If the worst comes to the worst, I know what to do. In the case of civil war I am clear that it is better to be conquered with the one than to conquer with the other. But I am in doubt how to meet the questions which will be in active discussion when I arrive—whether he may be a candidate in his absence from Rome, whether he must not dismiss his army, and so on. When the president calls my name in the senate—“Speak, Marcus Tullius!” am I to say, “Please wait until I have had a talk with Atticus”?
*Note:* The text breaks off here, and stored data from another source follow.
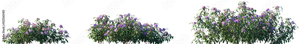 Set of Melastoma affine (blue tongue, straits rhododendron or native lassiandra) shrubs frontal isolated png on a transparent background perfectly cutout high resolution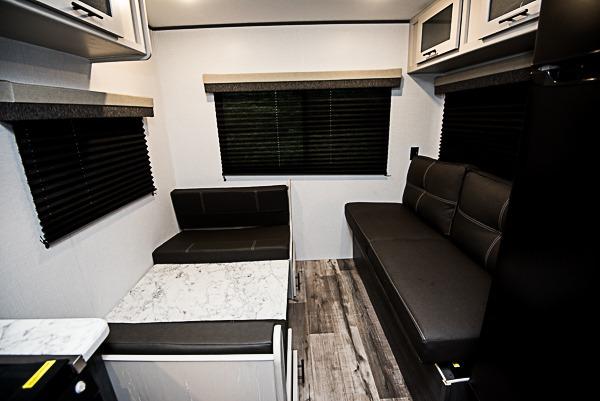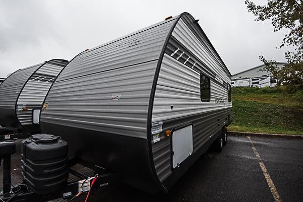 Whatever reason you camp, this lightweight trailer allows you to easily tow to your campsite, and enjoy comforts of home such as your own residential queen bed, wardrobe storage, a full bathroom with a shower, and furniture to relax and dine at. The sofa and booth dinette are across from each other, allowing you to visit with other RVers or your family. The cook will have an oven and a microwave to make meals, and a 10 cu. ft. 12V refrigerator for cold items, plus a galley sink with high rise faucet to keep the dishes clean.
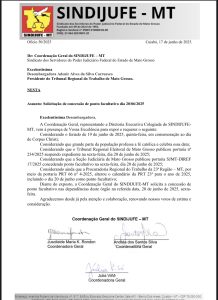 A entidade sindical reforça seu compromisso com a valorização dos servidores do Judiciário Federal e segue atuando de forma propositiva para garantir condições de trabalho dignas, respeitando as práticas já adotadas por outras instituições do sistema de Justiça em Mato Grosso. O sindicato aguarda deferimento do pedido e agradece a atenção da Administração do TRT-MT, reiterando os votos de estima e consideração.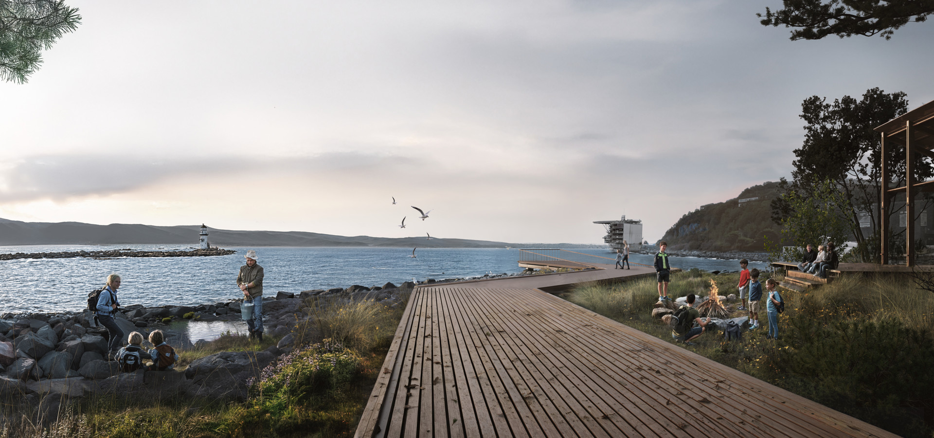 Ytterst på Transittkaia, der Nidelva renner ut i fjorden, planlegges Transittparken. Her ser arkitektene for seg en «Instagramvennlig destinasjon» med flott utsikt, eget utsiktspunkt og en paviljong som beskytter mot vær og vind.
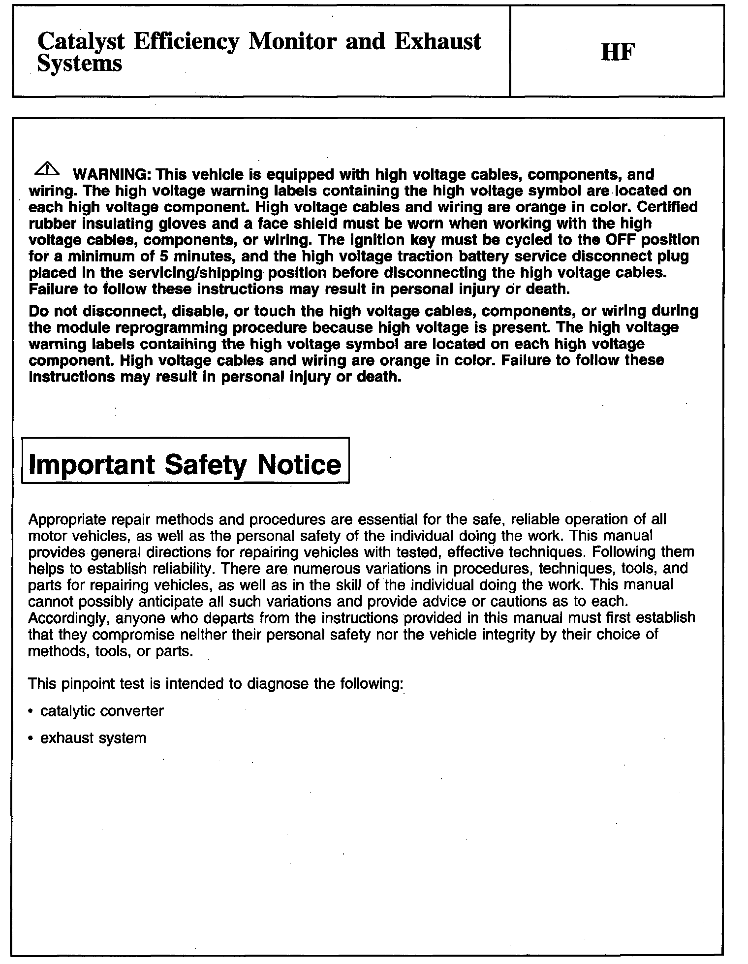 PINPOINT TEST HF: CATALYST EFFICIENCY MONITOR AND EXHAUST SYSTEMSWarning And Important Safety Notice: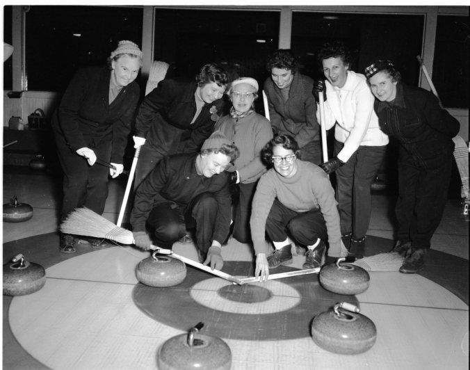 Long considered a man’s stronghold, curling rinks across the country now resound to urgings of “sweep” in feminine pitch most afternoons. The scene above was taken in Midland Curling rink as skips Mrs. Ray Trew, left, and Mrs. Charles Walton measures a couple of close ones. Other members awaiting the outcome in the back row are Mrs. Bruce Holt, Mrs. Dan Nicholls, Mrs. C. Paterson, Mrs. Jack Thompson, Mrs. Clive Park (Mary nee Patterson) and Mrs. Woodrow McConnell (Merza nee French).

The time for hedging has passed. Shall it be against Caesar? What then becomes of our pledges to one another? Or shall I change my political opinions? I could not face Pompey, nor men and women—you yourself would be the first to reproach me. You may laugh at what I am going to say. How I wish I were even now back in my province! Though nothing could be more disagreeable. By the way, I ought to tell you that all those virtues which adorned the early days of my government, which your letters praised to the skies, were very superficial. How difficult a thing is virtue!
To L. Papirius Rome, B.C. 46
I am writing at dinner at the house of Volumnius; we lay down at three o’clock; your friends Atticus and Verrius are to my right and left. Are you surprised that we pass the time of our bondage so gaily? What else should I do? Tell me, student of philosophy! shall I make myself miserable? What good would it serve, or how long would it last? But you say, “Spend your days in reading.” As a matter of fact, I do nothing else; it’s my only way to keep alive. But one cannot read all day; and when I have put away my books I don’t know any better way of spending the evening than at dinner.
I like dining out. I like to talk without restraint, saying just what comes to my tongue, and laughing care and sorrow from my heart. You are no more serious yourself. I heard how you mocked a grave philosopher when he invited questions: you said that the question that haunted your mornings was, “Where shall I dine to-day?” He thought, poor fool, that you were going to ask whether there was one heaven or many.
I give part of the day to reading or writing; then, not to shut myself up from my friends, I dine with them. You need not be afraid of my coming; you will receive a guest of more humour than appetite.